Also, previously daemon.log on the FOG server showed a DHCP offer of X.X.X.11 that was then requested by the client and ack’d by the server. This was almost immediately followed by a new discover and an offer made for X.X.X.10, which was also requested and ack’d. This time the same thing occurred, other than the initial offer being for .13, which was still followed up with .10.
Thanks for looking at this. Let me know if there’s any other information that would be helpful to troubleshoot.
Cheers!
-
@Wirefall What is the model of the problematic host? Is this a server?
-
We’d also need to see
ifconfig -a
rather than justifconfig
(The latter only shows active devices). -
@Tom-Elliott @Tom-Elliott identical output - lo only. When not PXE booting the device is running a Debian variant (Kali) with full network capabilities.
-
@Wayne-Workman The full specs for the MintBox can be found here - http://www.fit-pc.com/web/products/mintbox/mintbox-mini/
Max Screen Resolution 1920 x 1200 @ 60Hz
Processor AMD A Series
RAM 4 GB SO-DIMM DDR3
Hard Drive 64 GB
Graphics Coprocessor Radeon
Card Description dedicated
Wireless Type 802.11bgn
Number of USB 2.0 Ports 3
Other Technical Details
Brand Name MintBox
Series MintBox Mini
Item model number FITLET-GB-C64-D4-M64S-W-XL-BMint
Hardware Platform PC
Operating System linux
Item Weight 8.8 ounces
Product Dimensions 4.2 x 3.3 x 0.9 inches
Item Dimensions L x W x H 4.25 x 3.27 x 0.94 inches
Color Green
Processor Brand AMD
Computer Memory Type DDR3 SDRAM
Hard Drive Interface Solid State
Audio-out Ports (#) 1
Power Source DC
Voltage 12 volts -
@Wirefall From within the FOG debug console (the same place where you entered the
ifconfig -a
command key inlspci -nn|grep etwork
We will be interested in a line that looks like this
00:19.0 Ethernet controller [0200]: Intel Corporation 82579LM Gigabit Network Connection [8086:1502] (rev 04)

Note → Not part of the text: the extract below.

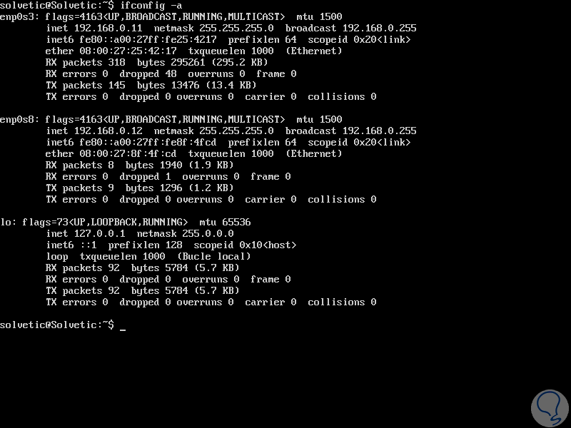Ahora vamos a configurar una dirección IP estática para la interfaz de red enp0s8.

More precisely the hex numbers (i.e. [8086:1502] ) in the square brackets. Those numbers identifies the nic controller.
-
Just a simple question, seeing as you state the device id information is 8086:1539 (which has been in the linux kernels for a very long time), does your registration issues happen on multiple systems of the same model or just this one system? I only ask because this isn’t seeming to make sense. The only things I can think of:
- Device is having issues (Unlikely seeing as tftp and ipxe appears to work properly).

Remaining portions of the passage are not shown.